Work required: An exact copy is needed of the lines in the entries below from the line with "VOLKSWAGEN GOLF 2013 г., лот № 4054" up to and including the line with "Rank Đơn: Chưa", and of nothing else. Leave the pictures out.

Source material:
== Segment start ==
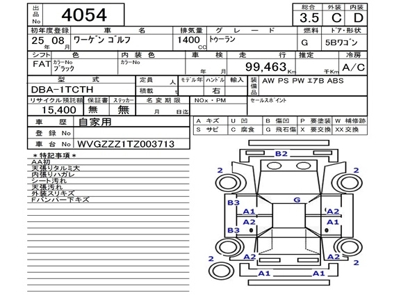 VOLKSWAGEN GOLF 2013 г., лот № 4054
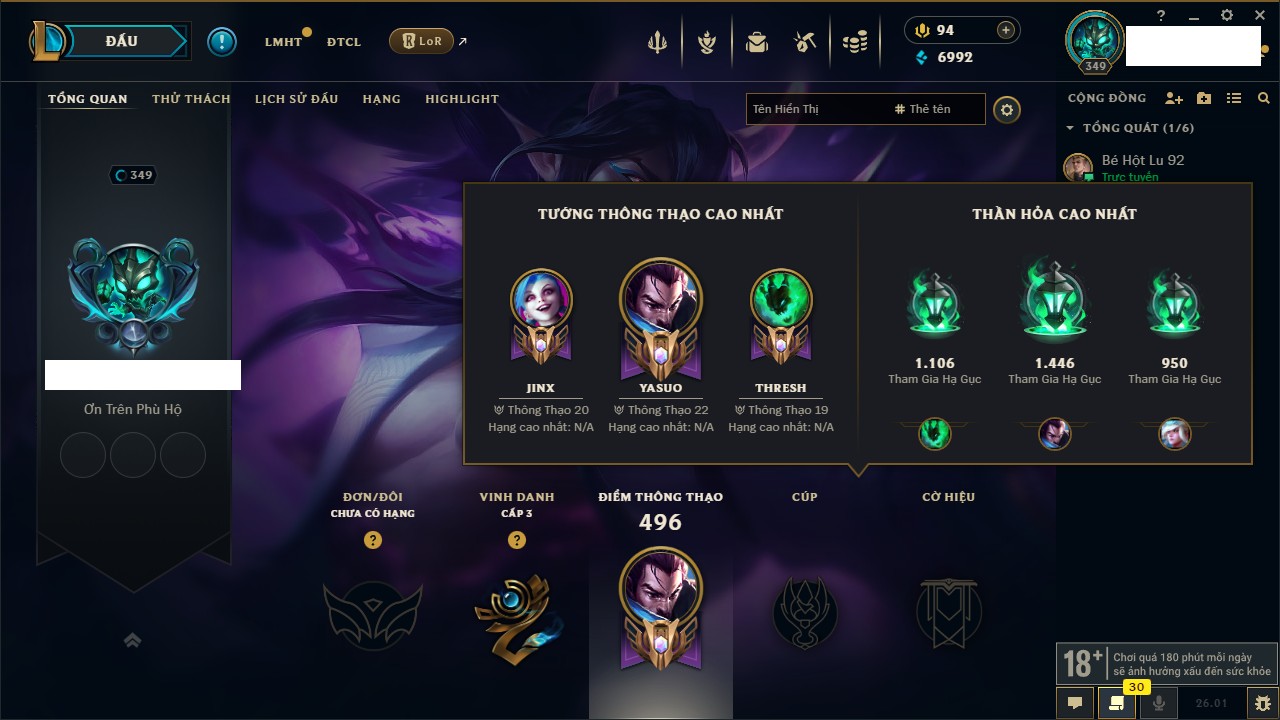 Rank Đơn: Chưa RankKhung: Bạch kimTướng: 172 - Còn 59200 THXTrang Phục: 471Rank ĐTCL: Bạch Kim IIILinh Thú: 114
== Segment end ==
== Segment start ==
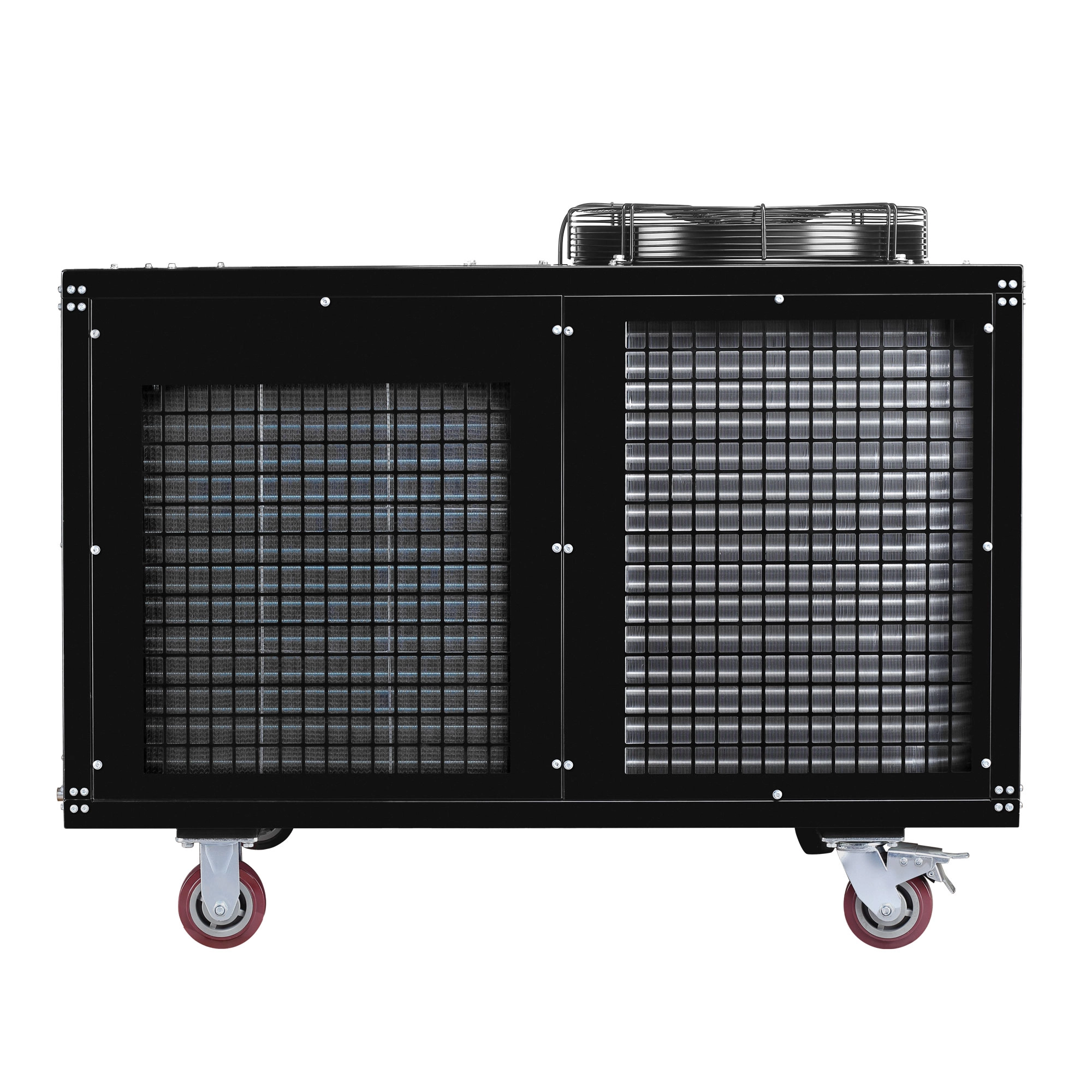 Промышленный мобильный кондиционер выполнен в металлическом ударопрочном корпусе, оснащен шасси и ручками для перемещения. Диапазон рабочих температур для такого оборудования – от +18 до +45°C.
== Segment end ==
Output for this task:
 VOLKSWAGEN GOLF 2013 г., лот № 4054
 Rank Đơn: Chưa RankKhung: Bạch kimTướng: 172 - Còn 59200 THXTrang Phục: 471Rank ĐTCL: Bạch Kim IIILinh Thú: 114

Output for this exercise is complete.